Толстый барбос шушукался с девочкой в уголке, шушукался, за руку брал. И у него рожа глупая, а уж у нее, у девочки… Иногда бывает такое, въехал в какую, потом, утром, не знает, как сказать. У него же дочки старше этой девочки. У него же дома тахта, а на тахте жена ждет. Приятная такая женщина. С высшим нефтяным образованием. А он тут девочке пальцы целует.
Какой-то парень запустил руку на стойку, выудил рюмаху. Бармен его мягко за руку взял, придержал, рюмаху из нее вынул и внятно сказал пареньку:
— Протянесся еще раз так, сломаю руку. Сло-ма-ю!
Выпустил паренька, тот сел на стульчик пухлый, глазами хлопает. Интересно, правда сломает или так, жалом трясет? По роже не поймешь, смотрит спокойно. Такие самые опасные. Такие…
И какие-то сопливые мирные девчонки выплясывали, крутили задками. Приятно смотреть, когда люди веселятся на самом деле, а не только за бабло вид делают. Когда им, людям, на самом деле весело.
— Женек, т-цц, поди-ка, Женек… Смотри сюда… Сю-да!.. У него, вон у того рыжего сальника сама сдачку не бери. Ты поняла? А потому, Женек, что потом сама поедешь евры туфтовые менять. Почему? Поняла? По-ня-ла? Он же жареный, сальник-то. И давно уже всем про него ясно.
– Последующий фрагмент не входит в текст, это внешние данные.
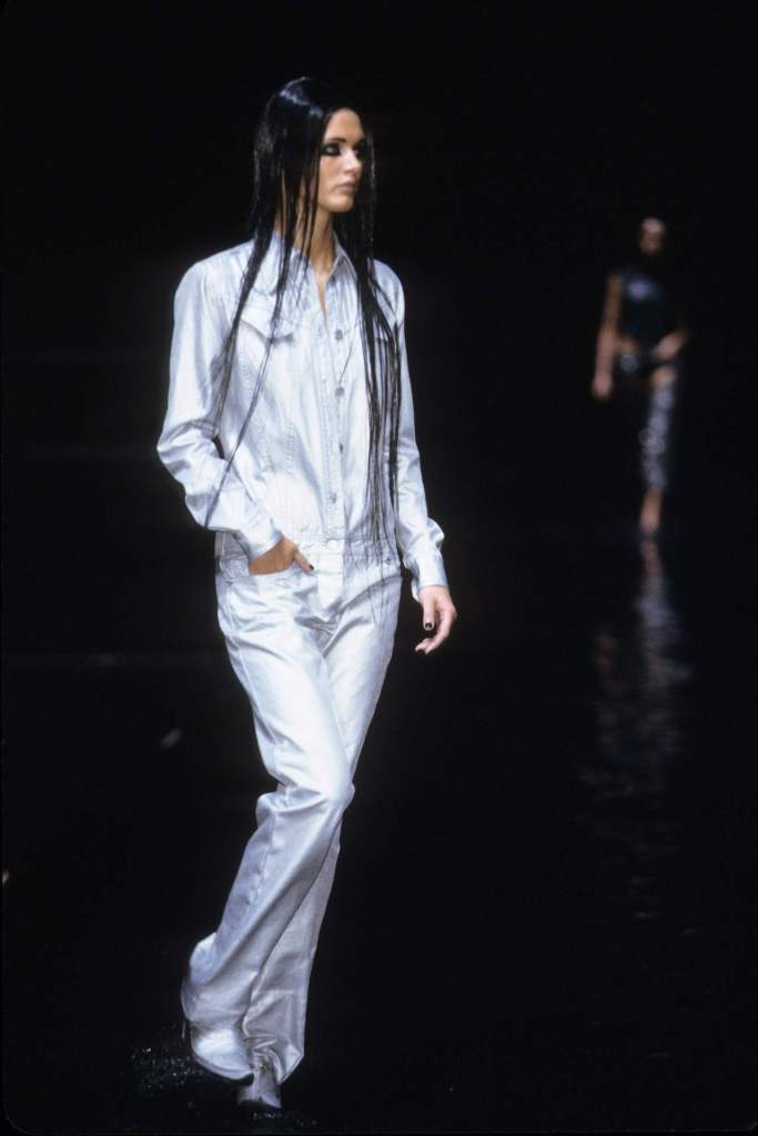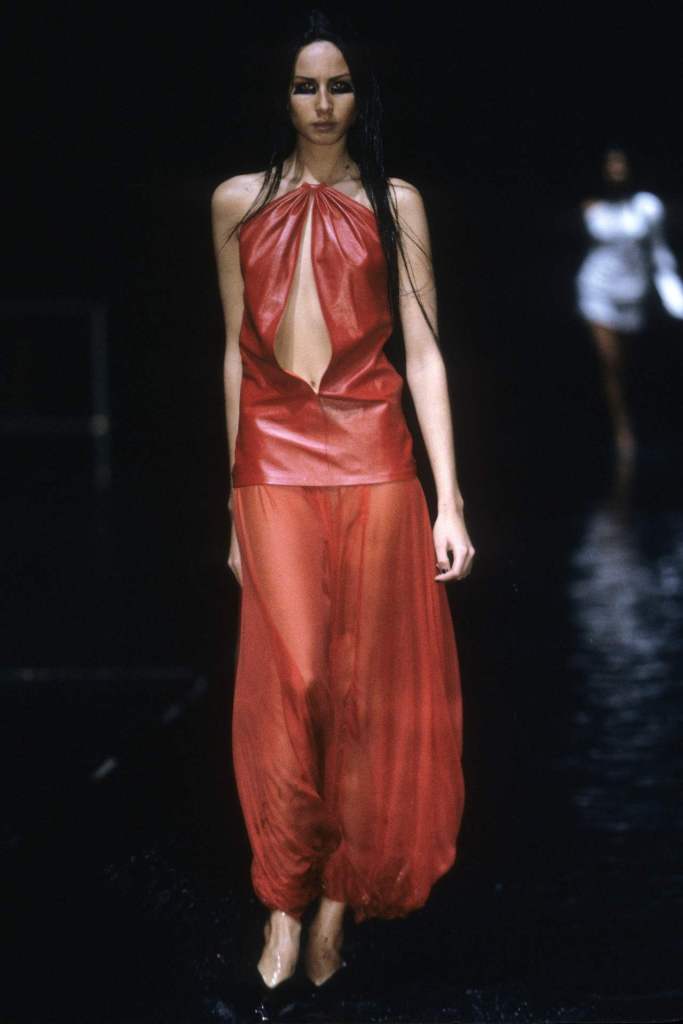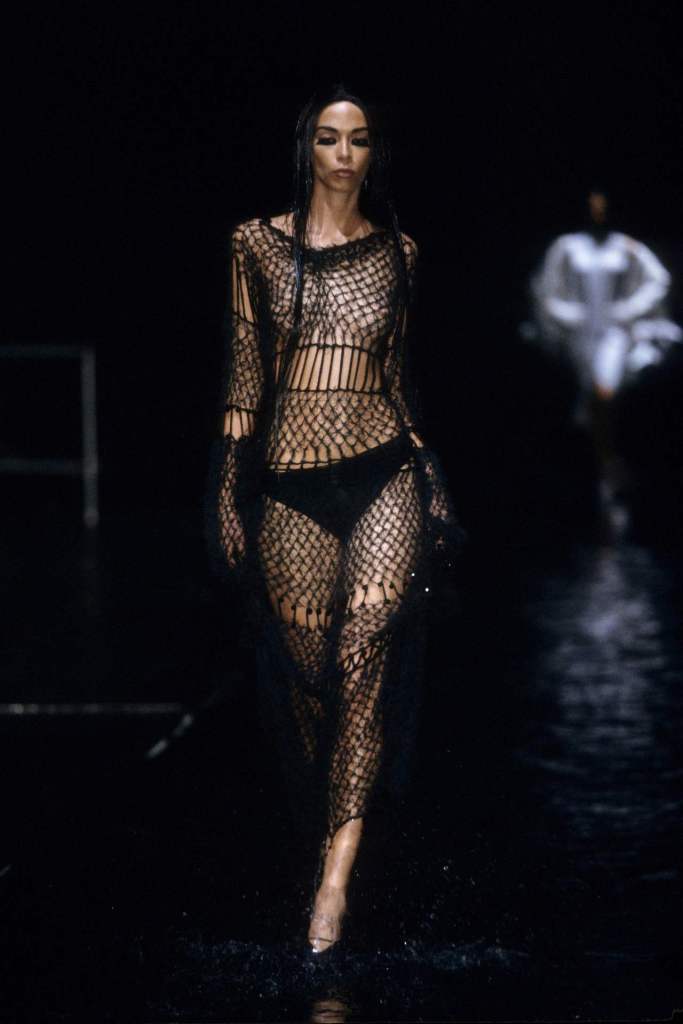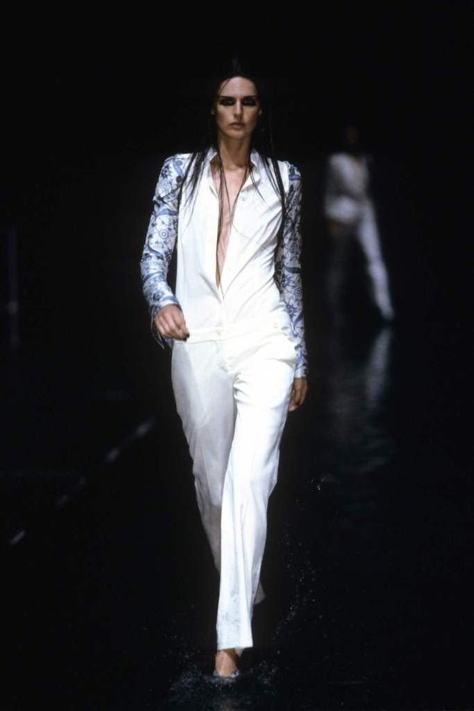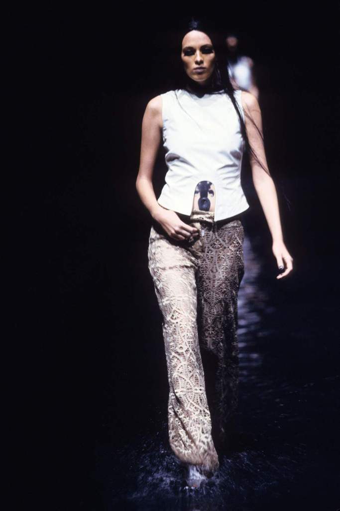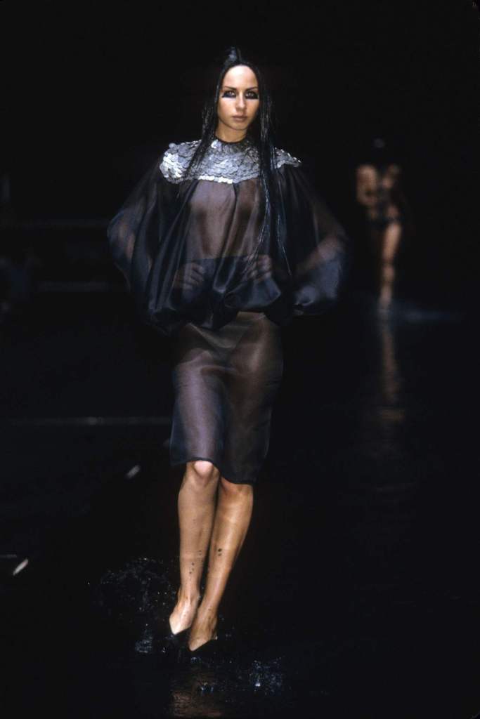 The runway, flooded with several inches of black-dyed water to evoke crude oil, set the stage for a powerful commentary on the intersection of Middle Eastern culture and Western influence. True to McQueen’s penchant for blending art and controversy, the collection balanced aggression, beauty, and rebellion.

Кроме тебя, Женек.
Очень уж Тарейчик разорался. Ни черта не слышно. И пидорки на музон так и сыплются. Милые такие пидорки. В шелковых штанах.
Пидорки узнали Надю, полезли обниматься. И сунули ей яблоко. Румяное такое, красивое яблоко.
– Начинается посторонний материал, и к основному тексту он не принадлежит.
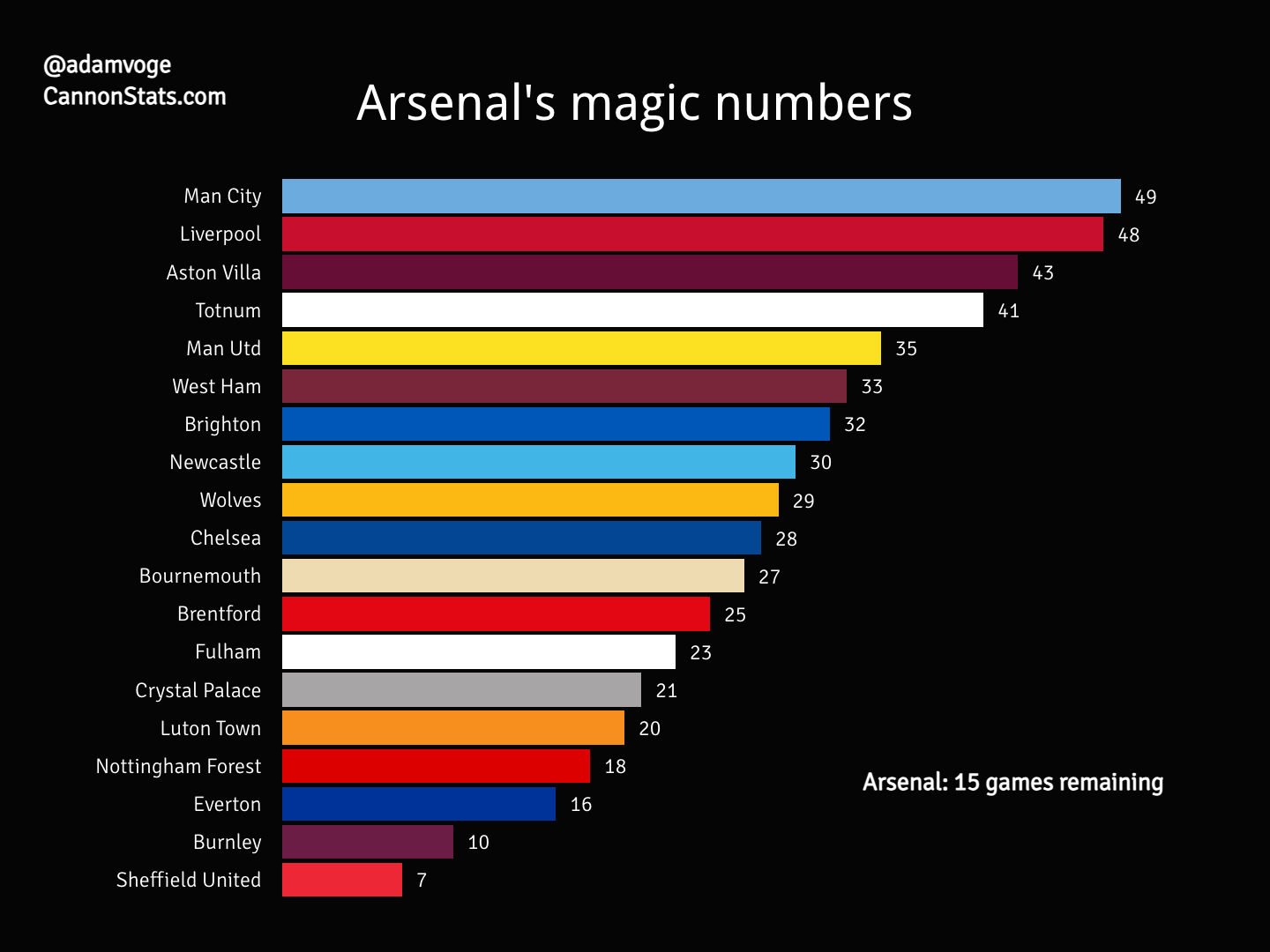 Magic Numbers is a sort of points differential measure. It takes into account not just points Arsenal can gain, but also points their opponents could lose. The number you see next to each other PL club, then, is the number of points needed to guarantee a finish ahead of them on points (Please note: I said ahead. Yes, Arsenal could finish level on points and ahead of these clubs. That’s not what I’m measuring here).

— Откуда?.. Наше, ясинское? От баушки, надо же.
А что такого, у пидорков есть ведь баушка. И мама, а как же. У нее ведь, у Нади, тоже все это было. Когда-то, давным-давно. И сестричка Сашка… Хрена она вспомнила? Не надо. Не стоит… Но какие ж вы, голубизна, ласковые.
— Дай им, Лиля, по сандальке, пусть тащатся.
Молодые крашеные пидорки сгорают в полгода. Всего-то у них этой радости в сортирах кабацких осталось до весны.
— …Нет, майчик, нету. Было и все кончилось… И знаешь что, иди-ка ты, писек, домой, пока с тобой все в порядке. А то пригреют.
— …Валера, этого кто сюда пустил? Не знаешь? Ты его по-хорошему… Ну да, да. Зачем тебе проблемы?
Сережка встретил ее внизу, в вестибюле. Длинная ночь всех уже развела, и теперь можно было отдохнуть. Надя потерла лоб. Сорок и шесть пополам. И еще три сотни пачек. Это будет, это будет…
Гардеробщики курили, вытягивая губы и пуская дым вверх. Гардеробщики курили обычные, незаряженные сигареты. Им шмаль не по карману. Хотя на Цандера, в «Яхте», Надя знала одну богатую гардеробщицу, Валюху. Та такие дела провертывала, сказать страшно. Пока ее не зацепили. Пять плюс два, больше с Валюхой и не свидимся.
— …Я устала? Ничего подобного. Я еще вполне. Спать не хочу. Ни капельки. -Честно.
Офигенно приятно, когда тебя вот так спрашивает мужчина, который тебя… с которым ты… И все такое. Сережка так смотрел на нее, что просто надо было быть дурой, чтоб торчать тут, среди халдеев и протарщиков, а не сорваться сию же минуту в загул. Ольгино–Разово–Фарфорка–Лисий Нос. И далее. Но дела, дела… Двести сорок на три, плюс половину Лиля Малярке отдала. Отдала?
— Лиля, Лиль… Ты сколько Мале отдала, половину? А он тебе что? И дура… и еще раз дура. Пойди забери. Пока он в памяти.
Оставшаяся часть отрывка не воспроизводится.